The results obtained in this study, concerning the stage specific membrane composition variation and the surface remodeling during stage transitions, are depicted in Fig. S2. This figure summarizes the expression levels of each gene belonging to surface multigene families in the different stages and highlights the stage-specific genes (Fig. S2A); The general picture of expression of these families (i.e., total read counts of each family in the three stages) is also represented (Fig. S2B).

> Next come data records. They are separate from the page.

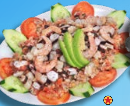
Botana Fria de Mariscos Sm 25 99 Lg 45 99 Seafood mix appetizer (Served cold): shrimp, octopus and fish ceviche
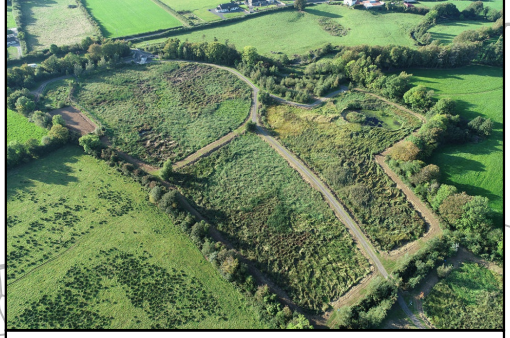
Integrated Constructed Wetlands
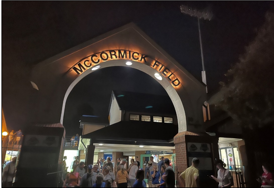
McCormick Field Entrance
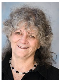
Ada Yonath Nobel Prize in Chemistry 2009 Weizmann Institute of Science Rehovot Israel

Saturday, July 24, 2021 17:00–18:00 From origin of life to modern medicine
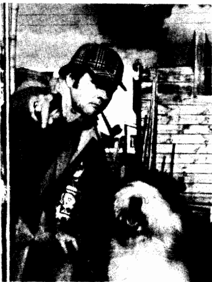
SHERLOCK & PACO ON THE SCENT
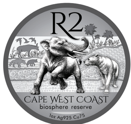
Reverse: R2 (1oz, Ag 925 Cu 75)
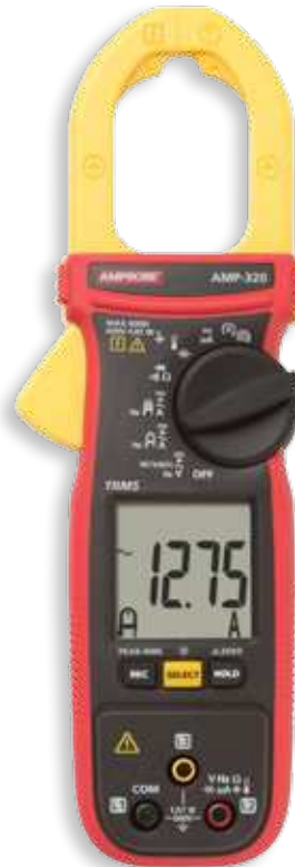
AMP-320 AC/DC Clamp Meter Electrical Motor Maintenance
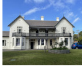
Kardinia House primary facade. 2023.
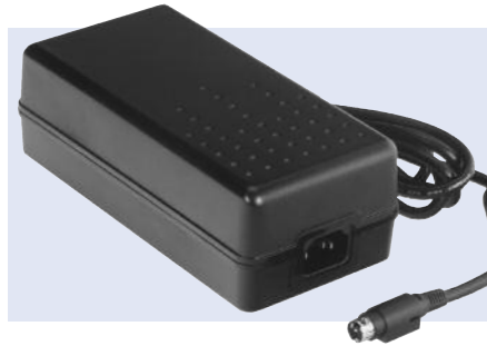
Topaz™ Power Supply

DC power cord connected to case DC connector — DB15
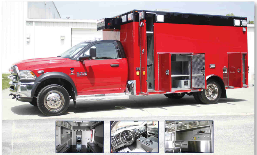
Osage Type 1 mounted on Dodge 4500 chassis, 168" body

Metabolic switch through T. cruzi life cycle
We have found that genes belonging to Krebs cycle, respiratory chain and oxidative phosphorylation, were significantly up-regulated in epimastigotes, suggesting an enhanced respiratory activity at this stage (Fig. 3A and Table S3). However expression of genes related to respiration was detected in all stages. Analysis of respiratory chain genes showed very low expression of complex I associated components (NADH dehydrogenase subunit, NADH-ubiquinone oxidoreductase) in all samples (Table S3). This result supports the notion that complex I is not very active in T. cruzi as was suggested previously (Carranza et al., 2009). On the other hand, the relevance of succinate-dependent respiration was evidenced here by the up-regulation of NADH dependent fumarate reductase in epimastigotes, which generates succinate as the main source of electrons in the respiratory chain (Denicola-Seoane et al., 1992). The increase in oxidative metabolism in epimastigotes is in concordance with its high anabolic profile, which suggests that in this stage synthesis of macromolecules and particularly of steroids is favored.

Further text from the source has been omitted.